Yeah. Absolutely. He also was never super comfortable in the spotlight. If you look up Gary Larson in an image search, you're going to see a couple of old black and whites back in the day. If you specify like Gary Larson today, I saw like one or two pictures of him now. So he didn't give a lot of interviews. He never was comfortable being in the limelight. When he did do interviews, he felt like he screwed him up.
There was one particular interview where he got tripped up by a question and later on said, I couldn't think of anything to say. I was rooted to the spot like the proverbial rabbit caught in the headlights, which may have been the problem because I think it's a deer.
Yeah. The question was also like where is the far side and how do we get there? Yeah, Like this is like your first questionable man. Yeah, so on January. I don't remember the date, but let's just say January nineteen ninety five, the very final far side. We should save the original run the final far Side ran, and it is. It's perfect, as perfect as the ending of the original Bob Newhart Show.
Yeah agreed, where he.
A man named Gary who looks vaguely like Gary Larson is standing with Glinda the Goodwitch, and he's surrounded by every character in the far side of the cows, the cats, the beehive hairdo lady, the nerdy kid with.
The glasses Yeah, ten, Gallahat guy.
Yeah ten, gallon hack guy. Everybody is surrounding him, just kind of watching him talk with Glenda the Goodwitch, and she says something like, well, basically what Dorothy was told in the end of Wizard of Oz.
Right, Yeah, should I read it?
Yeah? Definitely.
She says, why Gary, you've always and that's underlined, You've always had the power to go home. Just close your eyes quack three times and think to yourself. There's no place like home. There's no place like home.
Right, Okay, So that's panel one. It's in color. The second panel, and this is very rare. He usually only did one panel. The second panels in black and white, and now Gary is in bed waking up, ostensibly in Kansas, and he's surrounded by his family and friends, and they all resemble the cow and the cat and the nerdy kid, and he says, he explains to them that he just had this crazy dream and all the people in the dream looked like them, just like the end of Wizard of Oz. It was just beautiful.
Yeah, it was, I mean, the perfect way to go out.

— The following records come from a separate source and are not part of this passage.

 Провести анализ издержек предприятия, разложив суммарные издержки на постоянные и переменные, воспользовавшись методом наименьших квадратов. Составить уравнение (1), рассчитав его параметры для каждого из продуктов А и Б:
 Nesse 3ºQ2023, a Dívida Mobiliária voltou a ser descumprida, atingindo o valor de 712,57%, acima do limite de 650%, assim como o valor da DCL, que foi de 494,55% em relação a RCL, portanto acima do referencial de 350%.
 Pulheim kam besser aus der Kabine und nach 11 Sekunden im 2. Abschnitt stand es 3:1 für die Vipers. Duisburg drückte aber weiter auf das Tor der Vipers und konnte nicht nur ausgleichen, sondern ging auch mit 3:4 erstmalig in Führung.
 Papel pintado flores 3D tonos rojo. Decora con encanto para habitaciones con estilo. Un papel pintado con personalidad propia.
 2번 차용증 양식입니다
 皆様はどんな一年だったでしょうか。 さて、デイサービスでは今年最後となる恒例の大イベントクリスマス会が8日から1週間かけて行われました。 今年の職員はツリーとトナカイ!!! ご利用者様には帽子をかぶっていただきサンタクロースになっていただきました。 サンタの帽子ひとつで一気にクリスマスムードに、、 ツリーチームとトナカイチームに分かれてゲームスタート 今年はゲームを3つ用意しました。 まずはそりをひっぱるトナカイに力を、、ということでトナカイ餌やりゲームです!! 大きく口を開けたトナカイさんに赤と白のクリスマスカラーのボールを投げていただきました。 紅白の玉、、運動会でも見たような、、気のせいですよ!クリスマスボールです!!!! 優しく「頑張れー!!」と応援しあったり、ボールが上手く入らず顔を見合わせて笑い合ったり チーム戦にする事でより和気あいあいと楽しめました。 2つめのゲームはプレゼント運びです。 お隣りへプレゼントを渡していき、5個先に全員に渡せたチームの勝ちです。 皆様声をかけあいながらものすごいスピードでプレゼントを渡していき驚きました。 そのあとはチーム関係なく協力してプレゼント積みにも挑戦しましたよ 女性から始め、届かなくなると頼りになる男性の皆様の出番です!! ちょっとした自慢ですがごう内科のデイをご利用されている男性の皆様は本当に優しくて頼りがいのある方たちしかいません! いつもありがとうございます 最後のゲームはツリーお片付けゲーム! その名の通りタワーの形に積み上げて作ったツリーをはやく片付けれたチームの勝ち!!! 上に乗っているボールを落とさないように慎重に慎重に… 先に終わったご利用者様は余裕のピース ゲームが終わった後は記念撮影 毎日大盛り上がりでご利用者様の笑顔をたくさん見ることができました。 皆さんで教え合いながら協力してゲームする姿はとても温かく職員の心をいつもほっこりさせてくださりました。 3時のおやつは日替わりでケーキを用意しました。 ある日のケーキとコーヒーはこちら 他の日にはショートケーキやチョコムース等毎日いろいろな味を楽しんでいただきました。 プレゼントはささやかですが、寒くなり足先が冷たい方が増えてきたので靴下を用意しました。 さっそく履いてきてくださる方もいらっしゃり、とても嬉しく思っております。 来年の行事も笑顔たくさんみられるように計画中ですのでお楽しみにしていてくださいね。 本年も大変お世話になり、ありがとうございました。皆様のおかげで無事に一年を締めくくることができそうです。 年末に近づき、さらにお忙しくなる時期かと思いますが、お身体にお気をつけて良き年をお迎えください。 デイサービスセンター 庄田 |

I kind of wonder if he the story behind that, if he came up with it just sort of when he went to do the last one, if he always sort of had something in mind. Yeah. I always wonder that about TV shows too, if they sort of had the final shot or the final episode in their brain when they're doing it. But yeah, it was a beautiful
way to go out. He had in ninety four to ninety seven animated films Tales from the Far Side and Tales from the Far Side too.
Did you see those?
I did not? Surprisingly Are they good?
I don't know. The only place I can find it is a Russian website and I no, okay, our work computers won't let us go there.
Did it say?
Yet right, but they look awesome. I did see a clip and it's the cow, but a real life version, a real life animated version. You know what I'm talking about. Yeah, of a cow is just their hoof playing a video game. And the video game I think it's called Stampede and in the video game, the cows from the far side are stampeding and it's just weird because you hear the cow breathing and that's it. Like they're just playing the game, but they're breathing as they're playing it, and that's all
you just see. They're hoof playing with the joystick. Yeah.

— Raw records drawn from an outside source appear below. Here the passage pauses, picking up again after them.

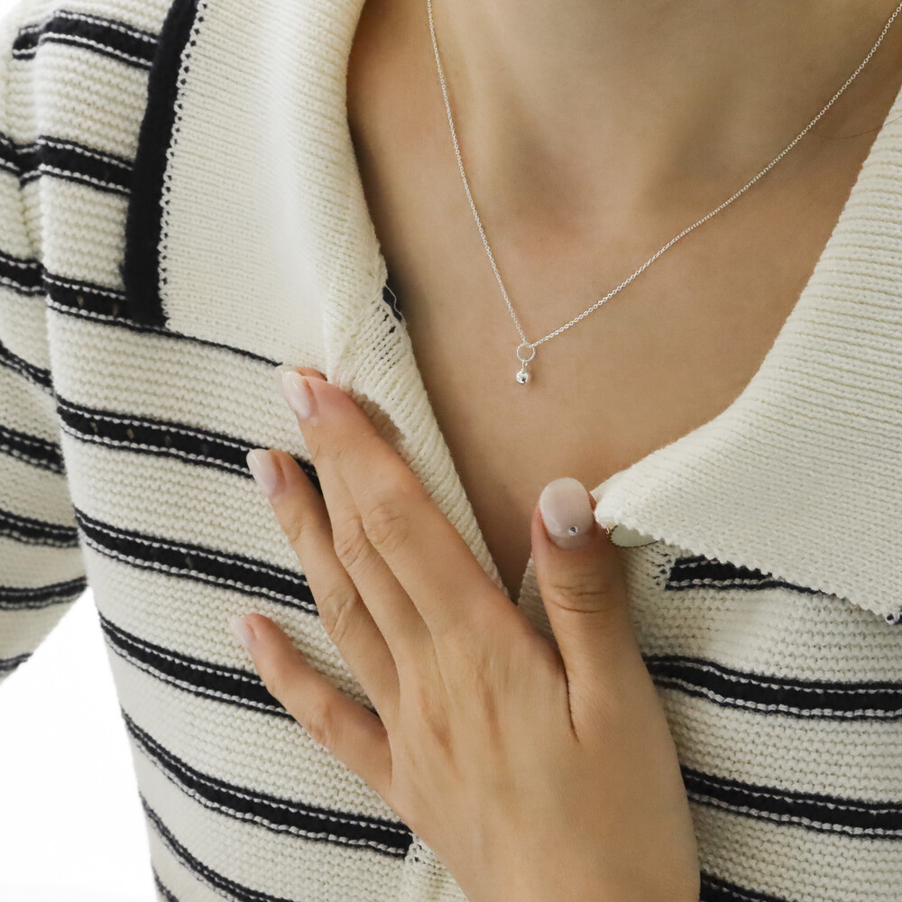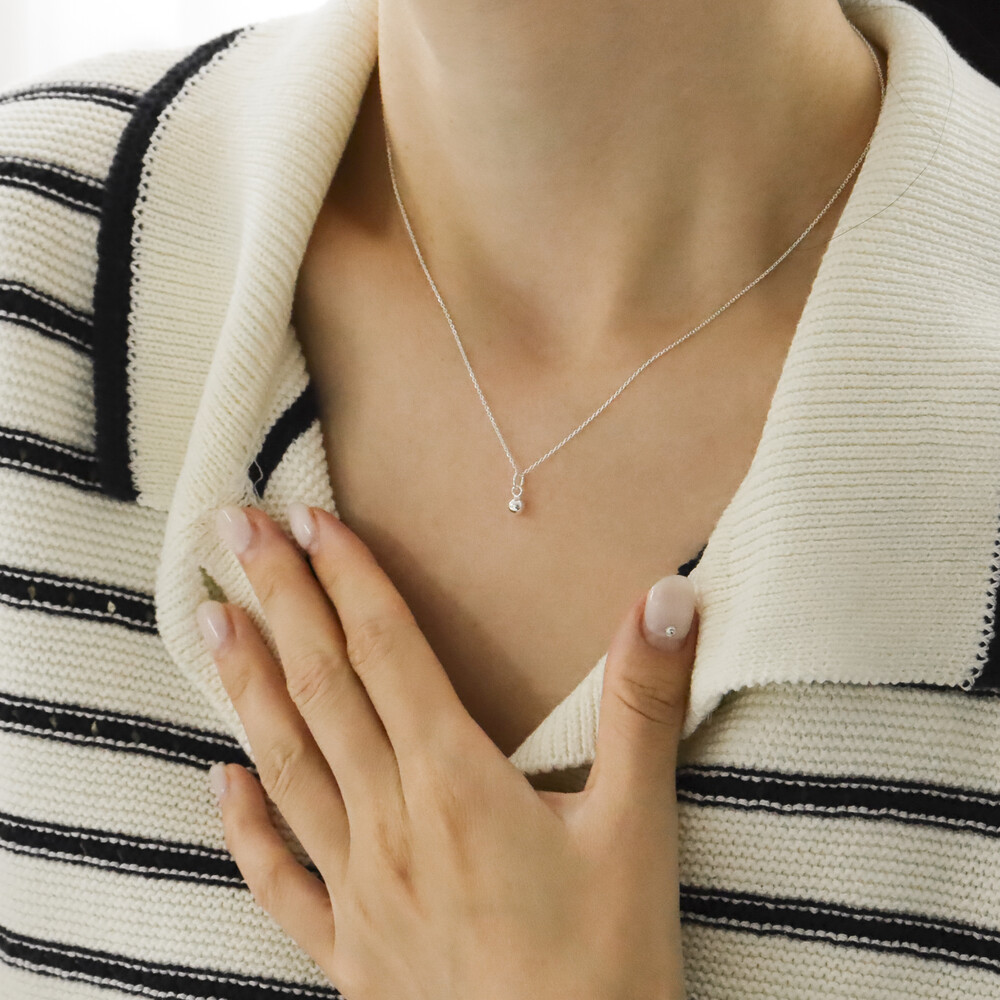 102141 Simple Mini Ball Pendant Silver Necklace 42 cm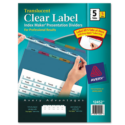 AVE12452 Index Maker Clear Label Punched Dividers, Multicolor 5-Tab, Letter, 5 Sets/Pack By AVERY-DENNISON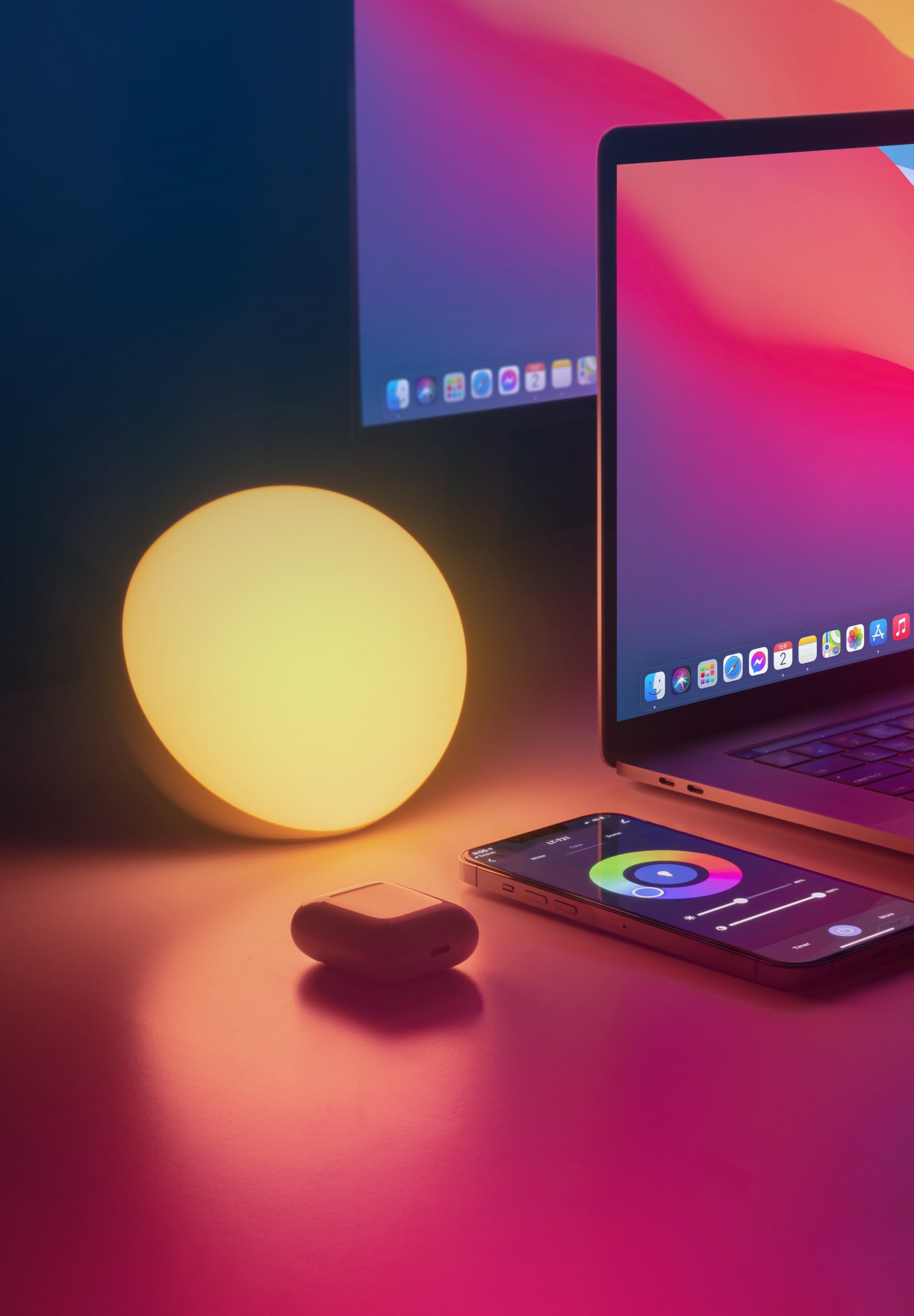 Обои: техника, лампа, телефон, наушники, компьютер, ноутбук - 1640x2360

I made an intentional decision to not see those, and I still don't want to see them.
Okay, I'll see him for us and then I'll be like yay or niet.
Yeah, let me know, because I just I don't know. There's something, you know how it is when something exists in your mind as a certain thing and it's just kind of a perfect memory and thing for me still, and I don't want to take the chance of not liking it, so I'm not going to do it. He also had a kid's book in nineteen ninety nine. I feel bad that I didn't know about this. I would have gotten it when Ruby was littler. There's a hair
in my dirt. She'd probably still like this. Actually, yeah, Colon a worm story, a book about a princess from the worm's point of view, which is very Gary Larson.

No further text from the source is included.